Published03 Feb 2022

Abstract

The bed separation backfill grouting (BSBG) is commonly used to mitigate the surface subsidence caused by coal mining. The distribution characteristics of bed separation and its dynamic evolving process are crucial for BSBG design. This paper utilizes the continuum-discontinuum element method (CDEM) to study the distribution characteristics of bed separation for a longwall top coal caving (LTCC) panel of Longquan coal mine. Numerical results indicate that in addition to the bed separation below the primary key stratum, several small bed separations may also occurred in the strata between the primary key stratum and the subordinate key stratum. The bed separations in the overburden could be classified into three classes: the upper bed separation, the middle bed separation, and the lower bed separation. The upper bed separation has the longest duration time, and the middle bed separation has the shortest duration time. And the BSBG should be started before the closure of the middle bed separation.

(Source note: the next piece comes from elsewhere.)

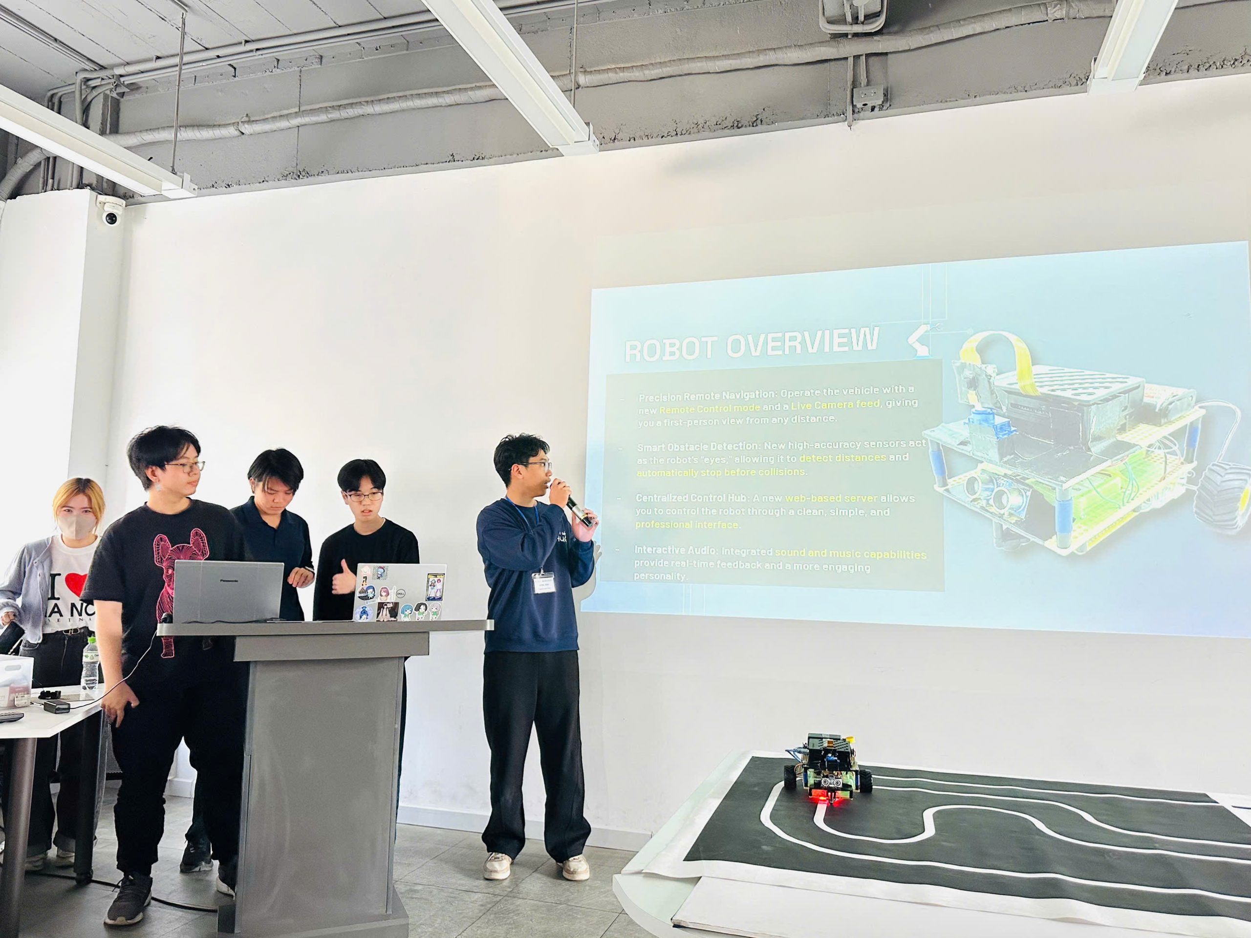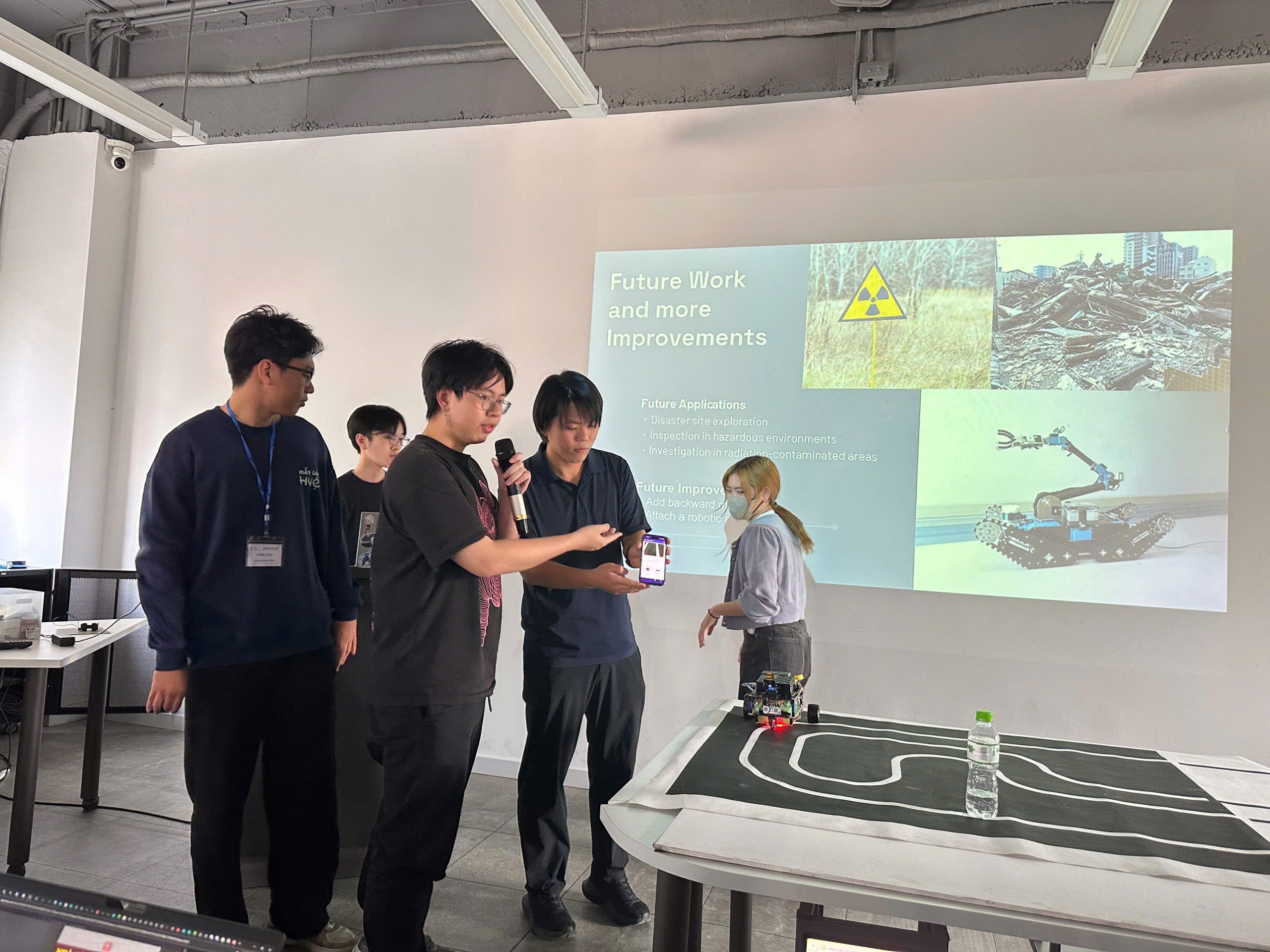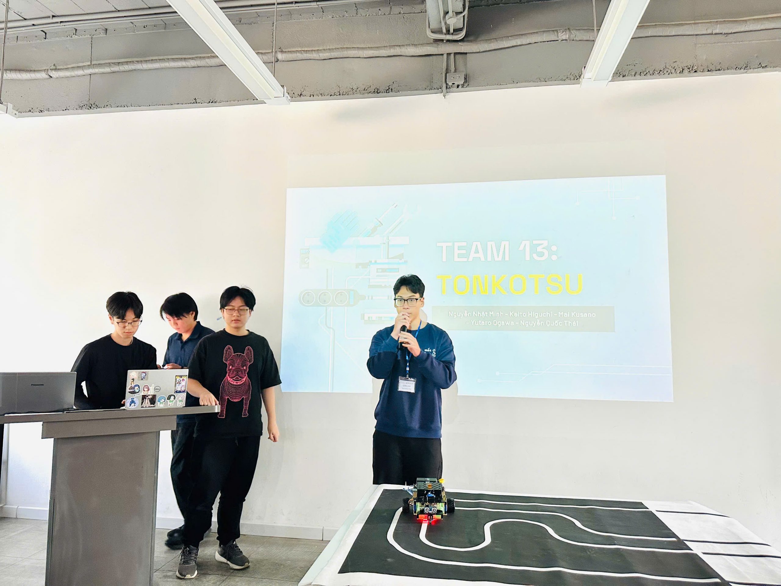 Kết thúc chương trình, tất cả các nhóm đã hoàn thành thành công nhiệm vụ thiết kế và trình diễn robot, mang đến nhiều phần demo ấn tượng. Sinh viên Trường CNTT&TT thể hiện kỹ năng lập trình tốt, khả năng thích ứng nhanh và giao tiếp tiếng Anh tự tin, trong khi sinh viên Nhật Bản gây ấn tượng bởi tư duy hệ thống, sự tỉ mỉ và phong cách làm việc nhóm chuyên nghiệp. Sự kết hợp này đã tạo nên những sản phẩm sáng tạo và những trải nghiệm học tập đáng nhớ.

Based on the actual geological information, the BSBG scheme for 4203 LTCC panel is proposed to mitigate the surface subsidence by taken the results of numerical simulation into consideration. In addition, the case study of the BSBG is introduced in detail. By using gangue power slurry, BSBG could not only effectively mitigate the surface subsidence but also solve the problems of environmental pollution and land occupation caused by traditional gangue stacking. The present study could provide technical support for surface subsidence mitigation and coal gangue disposal for LTCC mining with similar conditions.

1. Introduction

Surface subsidence caused by underground mining is a common environmental problem faced by mining industry worldwide [1–3]. For underground coal mining, especially the thick coal seam extraction by LTCC method, the drastic deformation and caving of the overlying strata could lead to a large-scale ground subsidence [2, 4, 5]. Massive landslides and ground sinkholes, shown in Figure 1, are frequently occurred in the coal mining areas [6]. Excessive land subsidence not only causes damage to the ground buildings and infrastructures [1, 7] but also leads to severe environment problems or geological disasters, which seriously threatens the safety of the local inhabitants [2]. Therefore, developing effective controlling technologies for mitigating the mining-induced surface subsidence has been the endeavor of researchers over the past centuries.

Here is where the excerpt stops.